Let $p$ be a sylow $p$-subgroup of $G$. Then $n_p \mid (p + 1)$ and $n_p = 1 \pmod p$. If $n_p = 1$, then $p$ is normal and we are done. Otherwise we have $n_p = kp + 1$. Since $(kp + 1) \mid (p + 1)$ so this imply that $n_p = p + 1$.
Therefore there are $p + 1$ sylow $p$ each having size $p$, so that means each distinct $p$ subgroups have intersection $\{e\}$. Therefore the union of all $p$ subgroups gives $(p + 1)(p - 1) + 1 = p^2$ elements. Therefore this leave $|G| - p^2 = p$ elements remaining outside all $p$-sylows.
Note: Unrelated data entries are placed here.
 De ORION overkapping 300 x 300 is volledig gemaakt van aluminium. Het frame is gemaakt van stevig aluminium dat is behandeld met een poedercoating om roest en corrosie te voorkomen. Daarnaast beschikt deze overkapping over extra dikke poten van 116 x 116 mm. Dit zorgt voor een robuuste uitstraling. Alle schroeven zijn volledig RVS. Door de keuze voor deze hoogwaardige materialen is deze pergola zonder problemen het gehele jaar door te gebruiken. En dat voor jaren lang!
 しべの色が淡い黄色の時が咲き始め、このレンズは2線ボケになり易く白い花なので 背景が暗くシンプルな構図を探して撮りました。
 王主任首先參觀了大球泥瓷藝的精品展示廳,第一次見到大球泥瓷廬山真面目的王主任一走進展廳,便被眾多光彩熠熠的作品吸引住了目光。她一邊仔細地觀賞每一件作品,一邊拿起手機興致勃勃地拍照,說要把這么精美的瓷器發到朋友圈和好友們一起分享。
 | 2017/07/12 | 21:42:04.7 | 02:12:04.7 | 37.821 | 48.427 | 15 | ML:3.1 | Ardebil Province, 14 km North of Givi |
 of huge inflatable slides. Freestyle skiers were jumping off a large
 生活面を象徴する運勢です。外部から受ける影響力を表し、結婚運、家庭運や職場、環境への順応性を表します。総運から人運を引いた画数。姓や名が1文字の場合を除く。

Let $A$ be the set of elements that don't lie in any $p$-subgroup of $G$. $|A| = p$. Let $q$ be any prime that divides $p + 1$. Then A must contain some element $g$ of order $q$. Since $n_p = p + 1$, so this means that $N_G(P) = P$, therefore $g$ isn't in $N_G(P)$.
Let $x$ be a generator of $P$. Then all powers $x^i$ for $i \in \{1,\ldots,p - 1\}$ are generators of $P$. Since $g$ isn't in $N_G(P)$ so none of the $x^{i}$ centralizes $g$. Therefore $\{g,\ldots,x^{p - 1}gx^{-(p - 1)}\}$ are all distinict. All of those elements have order $q$. Since each of them must lie in $A$, so $A = \{g,\ldots,x^{p - 1}gx^{-(p - 1)}\}$. I can't really now deduce that $p + 1$ is a power of $q$ (for example consider $|G| = (5)(6)$). Any suggestions would be nice.
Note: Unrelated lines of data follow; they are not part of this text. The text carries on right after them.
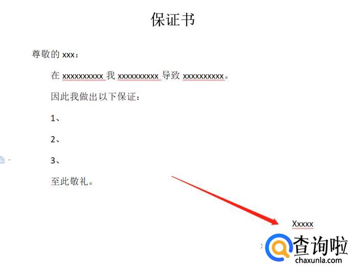 在正文开始前,顶格写上查收保证书的一方尊称,例如:尊敬的xxx、xxxx公司。有职称的可以写职称,例如:李经理、刘老师等。一定要有礼貌性的用语,让人看到就心生好感。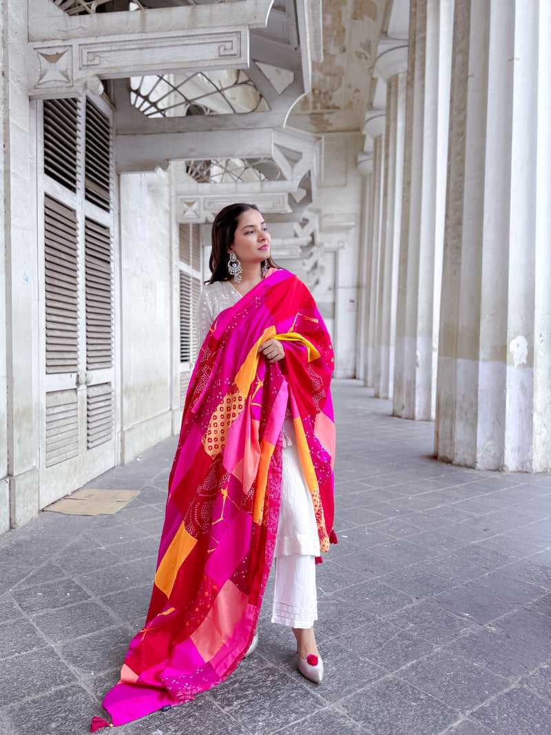 PINK BROKEN LINES BANDHANI SILK DUPATTA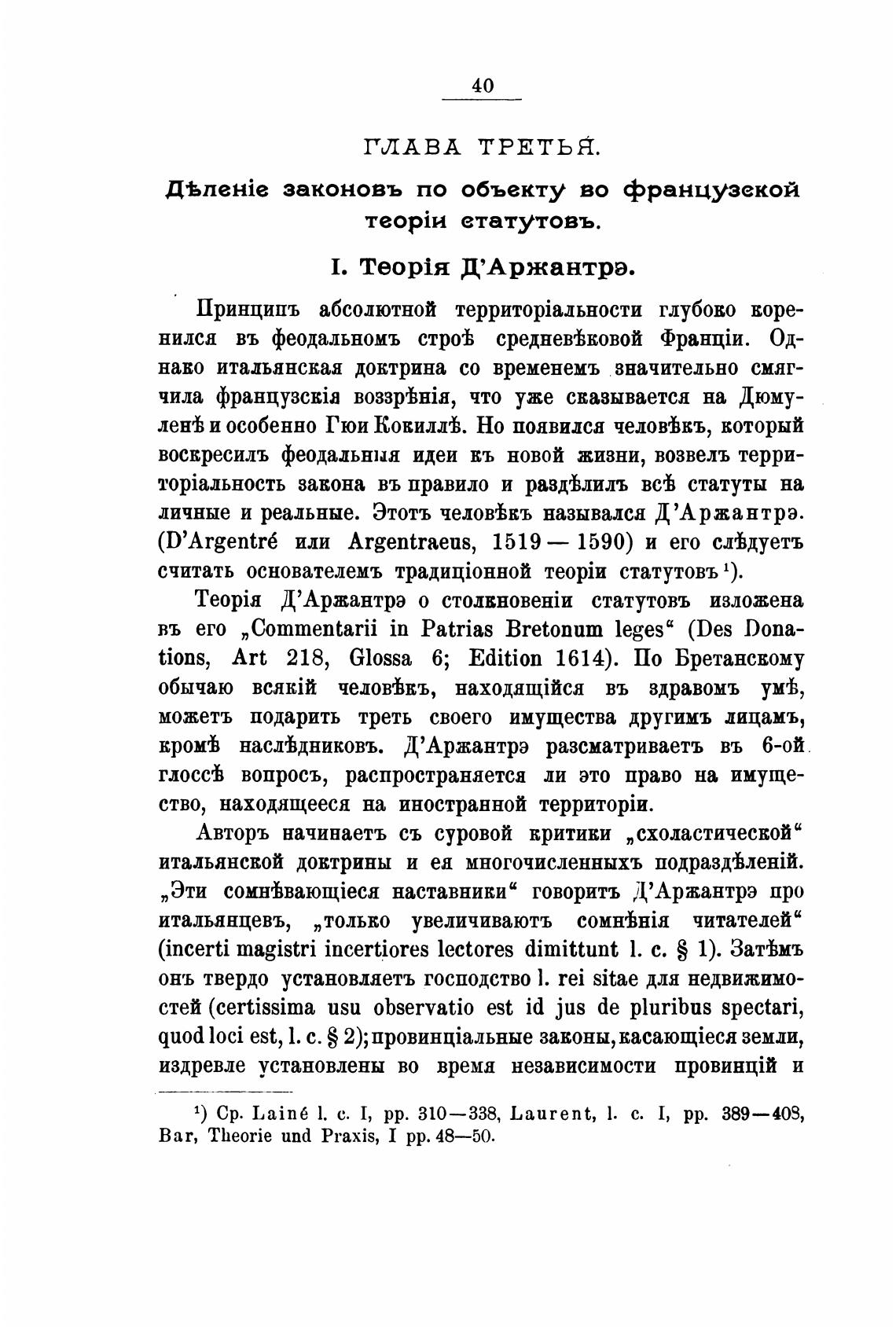 Teopia Д'Аржантрэ о статутовъ изложена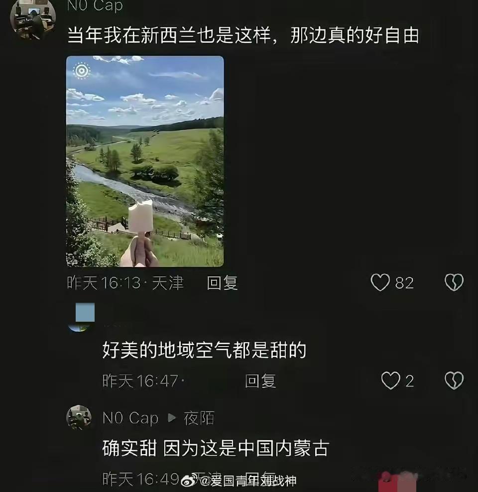 为什么直钩钓鱼,往往一钓就是一连串的歪嘴儿反贼…[捂脸] 一张内蒙古草原的照片说新西兰为什么仍然坚信? 因为这些反贼润到国外后,长期自己给自己洗脑,然后互相报团洗脑,再加上前几年一些国外媒体恶意抹黑,所以在这些反贼心里现在的中国自然环境恶劣人为破坏严重,只有“自由的西方”才配得上蓝天白云绿草青青… [大笑][大笑][大笑] 朋友们,你们对此事怎么看? 欢迎大家在评论区探讨,留言…[送心]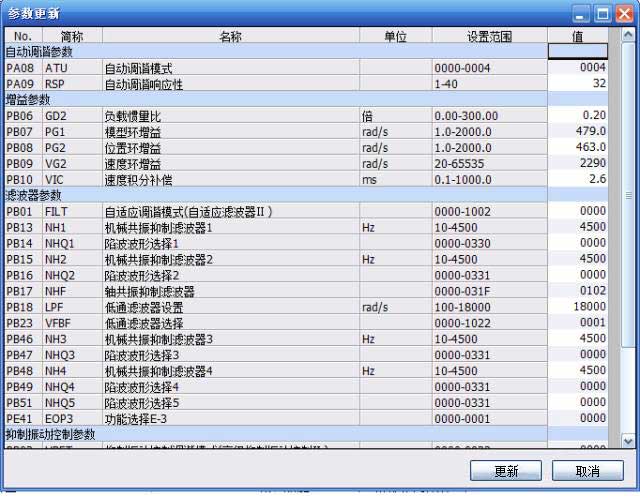 窗口中的三菱伺服參數(shù)即是伺服一鍵式調(diào)整時(shí)自動調(diào)整的參數(shù)。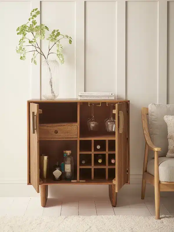 Opening the doors is like lifting the lid on a jewellery box. Here you will find all the makings of a chic drinks cabinet, with a wine rack area, two hanging rails for stemmed glasses, a drawer for the corkscrew and plenty cubby hole space for any extras.

Note that conjugation by $x$ is an automorphism, so the order of $g$ is the same as the order of $xgx^{-1}$, which in turn is the same as the order of $x^2gx^{-2}$, and so forth. Since you have shown that $A = \{g, xgx^{-1}, \dots , x^{p-1}gx^{-(p-1)}\}$, this shows that every element of $A$ has the same order.
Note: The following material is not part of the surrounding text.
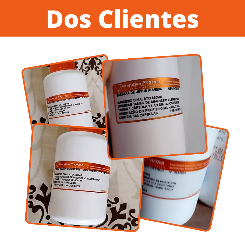 COMPOSIÇÃO: Magnésio Dimalato 550mg (Fornece 165mg de Magnésio Elementar) Excipiente qsp 1 cápsula SUGESTÃO DE USO: Tomar 1 cápsula duas vezes ao dia ou conforme orientação do profissional habilitado. VALIDADE: 06 meses a partir da data de manipulação. Sobre a Empresa Há mais de 30 anos, a Alterative Pharma consolidou-se como sua escolha confiável em farmácia de manipulação, oferecendo soluções personalizadas para suas necessidades de saúde e bem-estar. Nossa equipe de especialistas em manipulação farmacêutica garante a qualidade e eficácia dos suplementos, empregando os melhores ingredientes e tecnologia de ponta. Estamos comprometidos em fornecer cuidados de saúde personalizados e seguros. Confie em nós para cuidar da sua saúde de forma individualizada e confiável. CNPJ: 60.707.635/000155 Farmacêutica Responsável: Carolina V. B. Reschini CRF-SP: 38.309
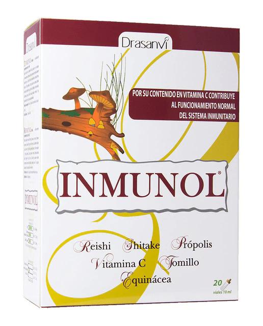 Inmunol es un complemento alimenticio formulado con hongos de utilización milenaria, como el Reishi y el Shiitake, minerales como el cobre y el selenio, y vitamina C, que contribuyen al mantenimiento del sistema inmunitario en condiciones normales. Además, contiene tomillo, equinácea y propóleos. Formato: 20 viales.

If we denote this order by $a$, then the elements of $G$ have orders only $1,p,a$. This implies that $a$ is a prime distinct from $p$, since if $a$ was composite then there would also be elements with order equal to each divisor of $a$. ($a$ cannot be equal to $p^2$ for obvious reasons)
This in turn implies that $p+1 = a^k$ is a power of this prime, since since for any prime divisor of $|G|$ there is always an element of that order. We must conclude that $A \cup \{1\}$ is the unique Sylow $a$-subgroup for $G$, and is thus normal of order $p+1$.